_LISTED ENTRIES:_
== Segment start ==
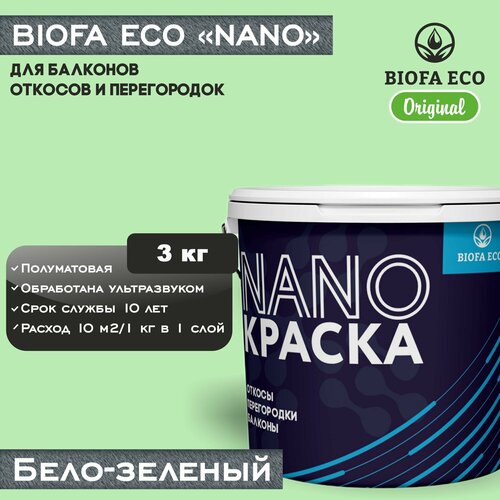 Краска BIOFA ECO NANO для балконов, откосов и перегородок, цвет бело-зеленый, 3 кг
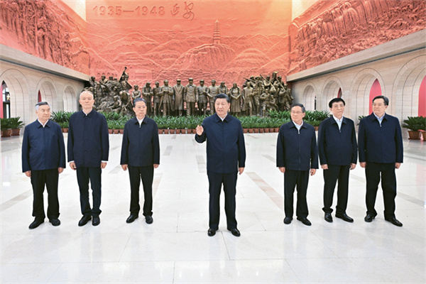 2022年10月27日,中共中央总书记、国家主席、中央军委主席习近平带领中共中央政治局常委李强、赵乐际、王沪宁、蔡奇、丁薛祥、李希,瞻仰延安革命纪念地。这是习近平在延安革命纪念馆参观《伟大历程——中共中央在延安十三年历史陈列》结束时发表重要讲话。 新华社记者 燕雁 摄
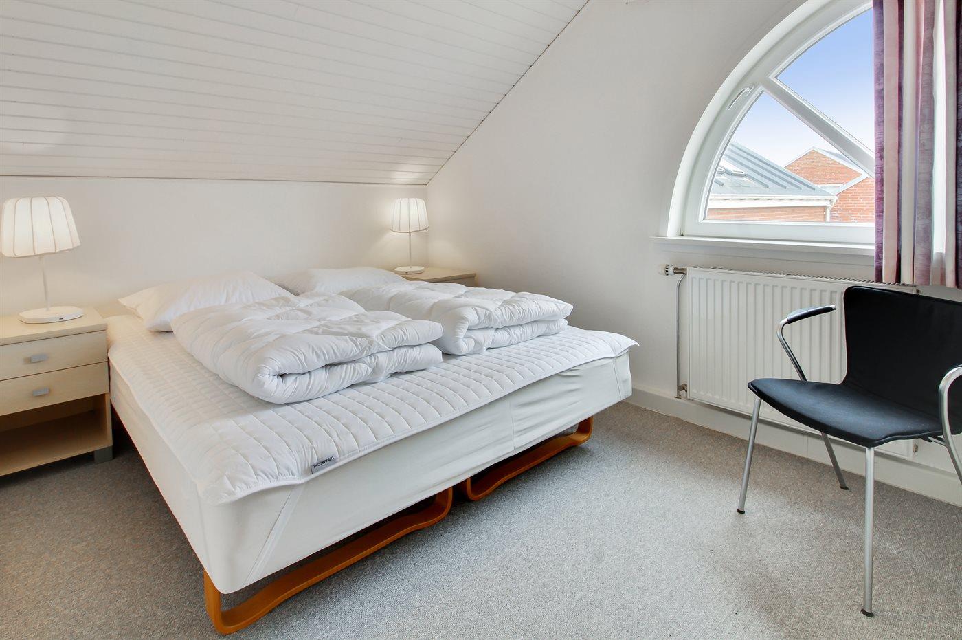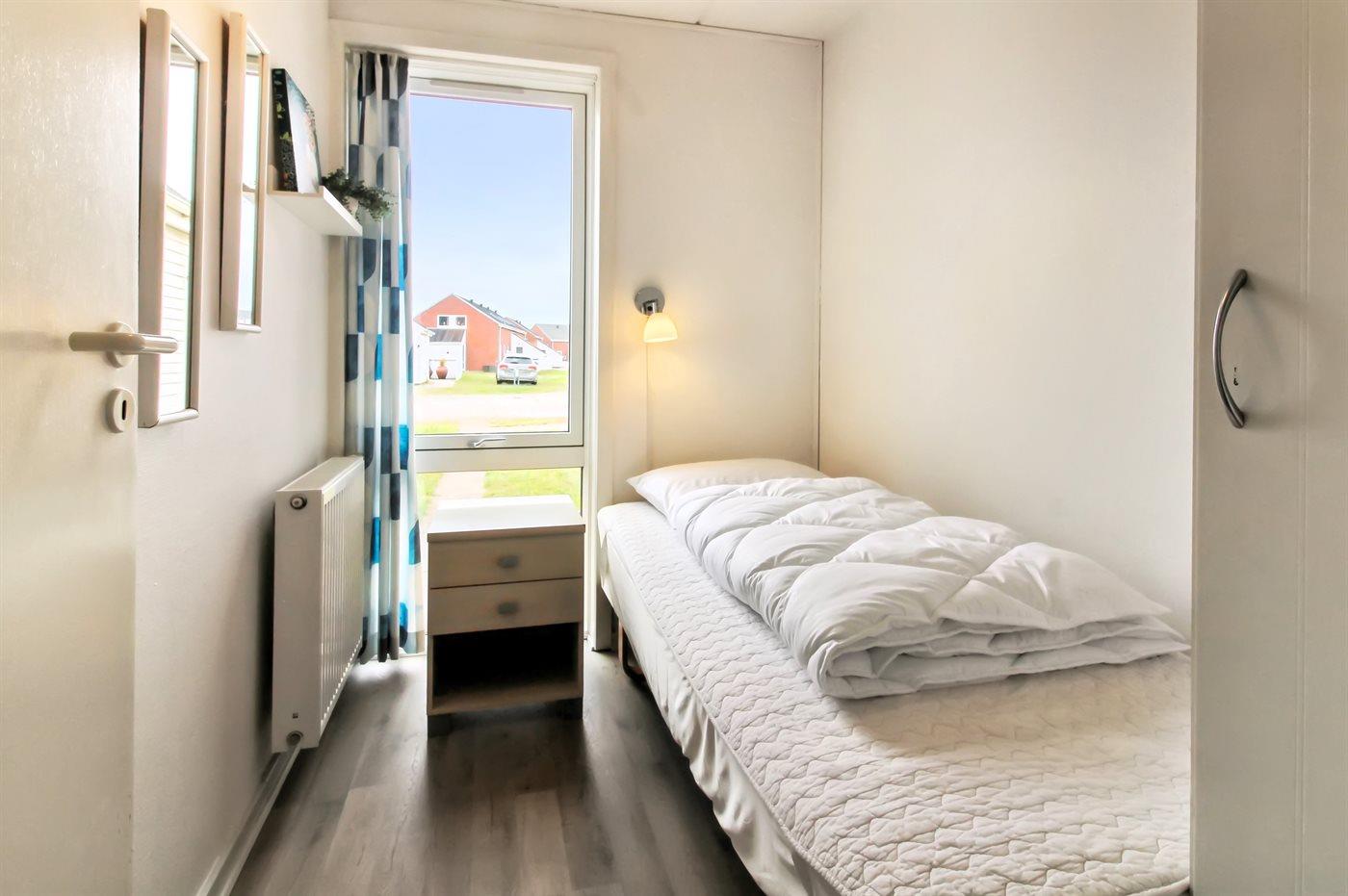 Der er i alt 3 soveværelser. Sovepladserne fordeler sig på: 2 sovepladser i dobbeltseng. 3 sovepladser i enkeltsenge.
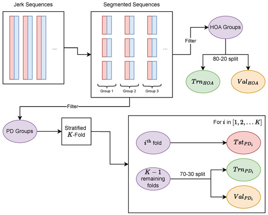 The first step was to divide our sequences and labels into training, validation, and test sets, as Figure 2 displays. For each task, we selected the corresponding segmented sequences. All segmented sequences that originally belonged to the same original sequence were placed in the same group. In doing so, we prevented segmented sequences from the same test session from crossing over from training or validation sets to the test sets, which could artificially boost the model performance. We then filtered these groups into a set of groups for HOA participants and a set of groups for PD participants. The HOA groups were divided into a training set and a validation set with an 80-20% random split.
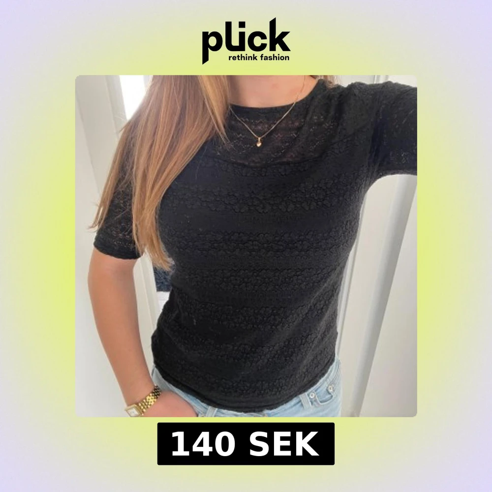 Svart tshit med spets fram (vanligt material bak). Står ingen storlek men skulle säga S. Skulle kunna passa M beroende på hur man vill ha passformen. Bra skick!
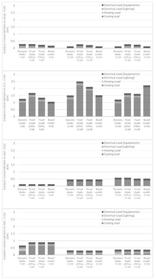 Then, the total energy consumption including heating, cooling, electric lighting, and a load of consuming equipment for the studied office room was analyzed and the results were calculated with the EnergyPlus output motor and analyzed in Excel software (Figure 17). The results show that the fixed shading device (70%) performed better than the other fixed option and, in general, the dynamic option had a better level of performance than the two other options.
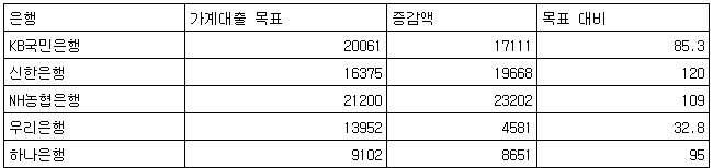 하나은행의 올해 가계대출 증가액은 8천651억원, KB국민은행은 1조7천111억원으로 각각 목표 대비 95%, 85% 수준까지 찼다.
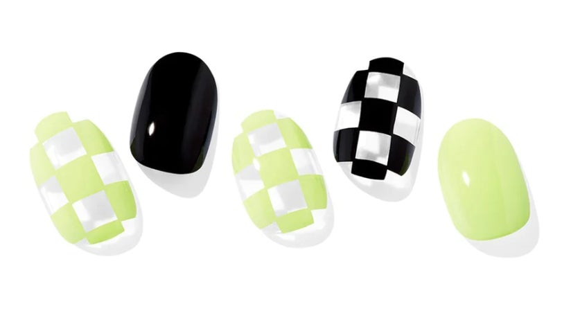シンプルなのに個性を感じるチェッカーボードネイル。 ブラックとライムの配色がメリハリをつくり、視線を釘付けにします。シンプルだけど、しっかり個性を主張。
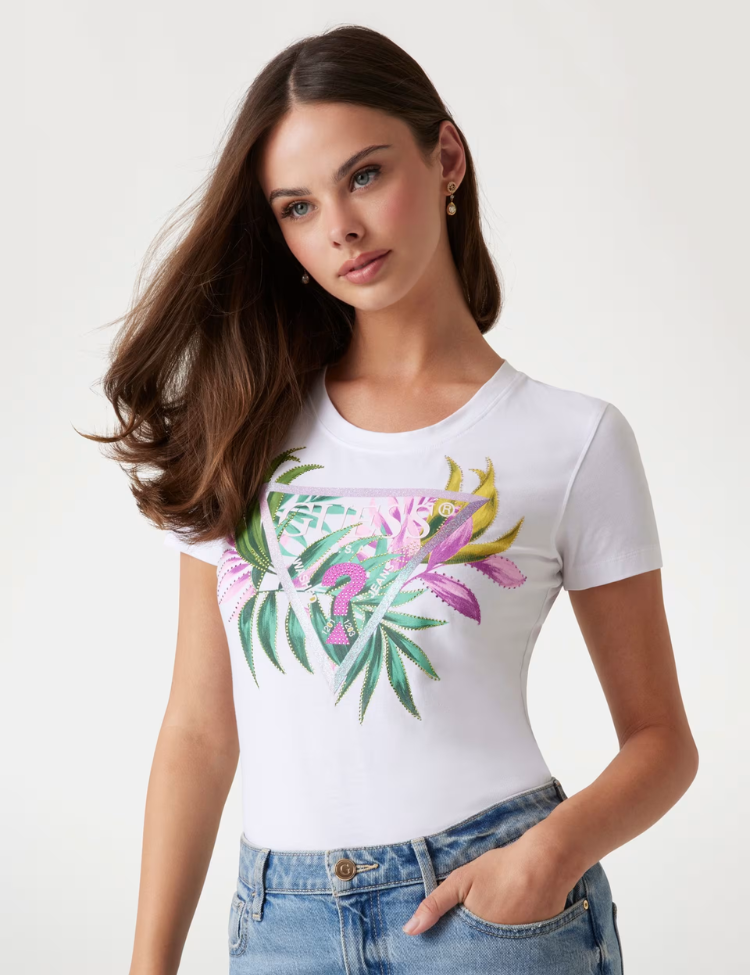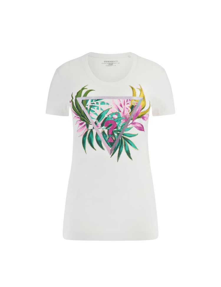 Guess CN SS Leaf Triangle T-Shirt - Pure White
== Segment end ==
_YOUR OBJECTIVE:_
How would the lines above read from the one with "Der er i alt" to the one with "Svart tshit med", inclusive, with no pictures? Write them out exactly.

_EXERCISE SOLUTION:_
 Der er i alt 3 soveværelser. Sovepladserne fordeler sig på: 2 sovepladser i dobbeltseng. 3 sovepladser i enkeltsenge.
 The first step was to divide our sequences and labels into training, validation, and test sets, as Figure 2 displays. For each task, we selected the corresponding segmented sequences. All segmented sequences that originally belonged to the same original sequence were placed in the same group. In doing so, we prevented segmented sequences from the same test session from crossing over from training or validation sets to the test sets, which could artificially boost the model performance. We then filtered these groups into a set of groups for HOA participants and a set of groups for PD participants. The HOA groups were divided into a training set and a validation set with an 80-20% random split.
 Svart tshit med spets fram (vanligt material bak). Står ingen storlek men skulle säga S. Skulle kunna passa M beroende på hur man vill ha passformen. Bra skick!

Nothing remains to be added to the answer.